How To Retrive A Batch Of Transmembrane Domains From Uniprot?

0

Entering edit mode

11.8 years ago

kevinjspring ▴ 20

I want to download a batch of sequence data from UniProt but I only want transmembrane annotated regions. On the UniProt website I am able to go into each individual entry and under 'Sequence Annotation (Features)' I can retrieve only the specific area of the sequence I want.
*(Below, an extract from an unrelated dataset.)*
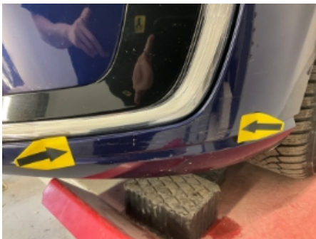
19. Støtfanger foran
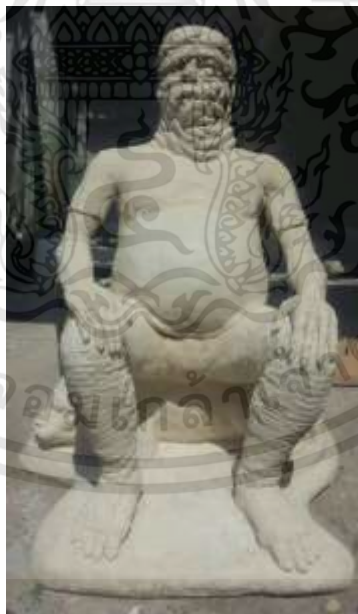
ภาพที่ 3.21 : กระบวนการสร้างงาน ขั้นตอนที่ 4

ขั้นตอนที่ 3 เมื่อนะตะแกรงรวดมาหุ้มโครงสร้างโดยทั่วแล้ว ก็นำปูนซีเมนต์มาขึ้นรูปไว้ชั้นแรกบาง ๆ รอจนแห้งสนิท

This is helpful but I need to do this to many entries so I was looking to see if there is a batch option to retrieve. Any tips on how to download a batch of protein sequences that only contain a specific annotated region?

Example:

LAT, 4F2hc, and LAX are all integral, single-pass transmembrane proteins. The full FASTA sequence for these three proteins are:

>sp|O43561|LAT_HUMAN Linker for activation of T-cells family member 1 OS=Homo sapiens GN=LAT PE=1 SV=1
MEEAILVPCVLGLLLLPILAMLMALCVHCHRLPGSYDSTSSDSLYPRGIQFKRPHTVAPW
PPAYPPVTSYPPLSQPDLLPIPRSPQPLGGSHRTPSSRRDSDGANSVASYENEGASGIRG
AQAGWGVWGPSWTRLTPVSLPPEPACEDADEDEDDYHNPGYLVVLPDSTPATSTAAPSAP
ALSTPGIRDSAFSMESIDDYVNVPESGESAEASLDGSREYVNVSQELHPGAAKTEPAALS
SQEAEEVEEEGAPDYENLQELN
>sp|P08195|4F2_HUMAN 4F2 cell-surface antigen heavy chain OS=Homo sapiens GN=SLC3A2 PE=1 SV=3
MELQPPEASIAVVSIPRQLPGSHSEAGVQGLSAGDDSELGSHCVAQTGLELLASGDPLPS
ASQNAEMIETGSDCVTQAGLQLLASSDPPALASKNAEVTGTMSQDTEVDMKEVELNELEP
EKQPMNAASGAAMSLAGAEKNGLVKIKVAEDEAEAAAAAKFTGLSKEELLKVAGSPGWVR
TRWALLLLFWLGWLGMLAGAVVIIVRAPRCRELPAQKWWHTGALYRIGDLQAFQGHGAGN
LAGLKGRLDYLSSLKVKGLVLGPIHKNQKDDVAQTDLLQIDPNFGSKEDFDSLLQSAKKK
SIRVILDLTPNYRGENSWFSTQVDTVATKVKDALEFWLQAGVDGFQVRDIENLKDASSFL
AEWQNITKGFSEDRLLIAGTNSSDLQQILSLLESNKDLLLTSSYLSDSGSTGEHTKSLVT
QYLNATGNRWCSWSLSQARLLTSFLPAQLLRLYQLMLFTLPGTPVFSYGDEIGLDAAALP
GQPMEAPVMLWDESSFPDIPGAVSANMTVKGQSEDPGSLLSLFRRLSDQRSKERSLLHGD
FHAFSAGPGLFSYIRHWDQNERFLVVLNFGDVGLSAGLQASDLPASASLPAKADLLLSTQ
PGREEGSPLELERLKLEPHEGLLLRFPYAA
>sp|Q58CT8|LAX1_BOVIN Lymphocyte transmembrane adapter 1 OS=Bos taurus GN=LAX1 PE=2 SV=1
MDVTTSAWSETTRRISEPSTLQGTLGSLDKAEDHSSSIFSGFAALLAILLVVAVICVLWC
CGKRKKRQVPYLRVTIMPLLTLPRPRQRAKNIYDLLPRRQEELGRHPSRSIRIVSTESLL
SRNSDSPSSEHVPSRAGDALHMHRAHTHAMGYAVGIYDNAMRPQMCGNLAPSPHYVNVRA
SRGSPSTSSEDSRDYVNIPTAKEIAETLASASNPPRNLFILPGTKELAPSEEIDEGCGNA
SDCTSLGSPGTENSDPLSDGEGSSQTSNDYVNMAELDLGTPQGKQLQGMFQCRRDYENVP
PGPSSNKQQEEEVTSSNTDHVEGRTDGPETHTPPAVQSGSFLALKDHVACQSSAHSETGP
WEDAEETSSEDSHDYENVCAAEAGARG

The data I want is to be able to retrieve from the UniProt site is:

>sp|O43561|5-27
ILVPCVLGLLLLPILAMLMALCV
>sp|P08195|185-205
LLLLFWLGWLGMLAGAVVIIV
>sp|Q58CT8|38-58
IFSGFAALLAILLVVAVICVL

Which corresponds to the single transmembrane domain located in that protein.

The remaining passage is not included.